RECKLESS, GLORIOUS, GIRL

by Ellen Hagan

Pub Date: Feb. 9th, 2021
ISBN: 978-1-5476-0460-9
Publisher: Bloomsbury

In this novel told in free verse, Beatrice Miller is on the verge of 13 and trying to figure out who she will become.

During the summer before seventh grade, Beatrice is at the boundary between childhood and something else. She’s happy with her small family—eccentric and free-spirited grandmother Mamaw and more conventional workaholic Mom—and best friends—dreamy, artsy Mariella and strong, fearless StaceyAnn. But she also longs to grow into a beautiful and mature member of the popular clique.

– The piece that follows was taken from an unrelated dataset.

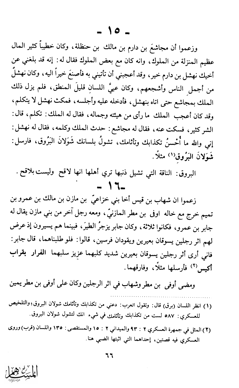 وزعموا أن مجاشع بن دارم بن مالك بن حنظلة، وكان خطيباً كثير المال عظيم المنزلة من الملوك، وانه كان مع بعض الملوك فقال له: إنه قد بلغني عن أخيك نهشل بن دارم خير، وقد أعجبني أن تأتيني به فأصنع خيراً إليه، وكان نهشل من أجمل الناس وأشجعهم، وكان عيي اللسان قليل المنطق، فلم يزل ذلك الملك بمجاشع حتى اتاه بنهشل، فأدخله عليه وأجلسه، فمكث نهشل لا يتكلم، وقد كان أعجب الملك ما رأى من هيئته وجماله، فقال له الملك: تكلم، قال: الشر كثير، فسكت عنه، فقال له مجاشع: حدث الملك وكلمه، فقال له نهشل: إني والله ما أحسن تكذابك وتأثامك، تشول بلسانك شولان البروق، فارسل: شولان البروق (1) مثلاً.

Rather than stemming from any overarching external conflict, the narrative tension emerges from Beatrice’s conflicted inner world, illustrated right off the bat through her being torn between love of her Kentucky country town (painted especially lovingly through descriptions of meals and a garden motif) and shame at being thought a hillbilly and for her socio-economic status. Every now and then Beatrice dips into territory so overly generalized as to feel clichéd (standard-issue gym-class angst and undersupervised spin-the-bottle parties), but the strong female bonds and varied characterizations elevate Beatrice’s struggles against gender expectations, whether in the form of beauty rules or teachers’ privileging boys, as she tries to find her own voice. Beatrice and her family are White; Mariella is Mexican American, and StaceyAnn has a Black father and White mother. One character comes out in a scene that highlights casual acceptance without denigrating the moment’s importance to the character.

An introspective, sensitive tale that readers can grow along with.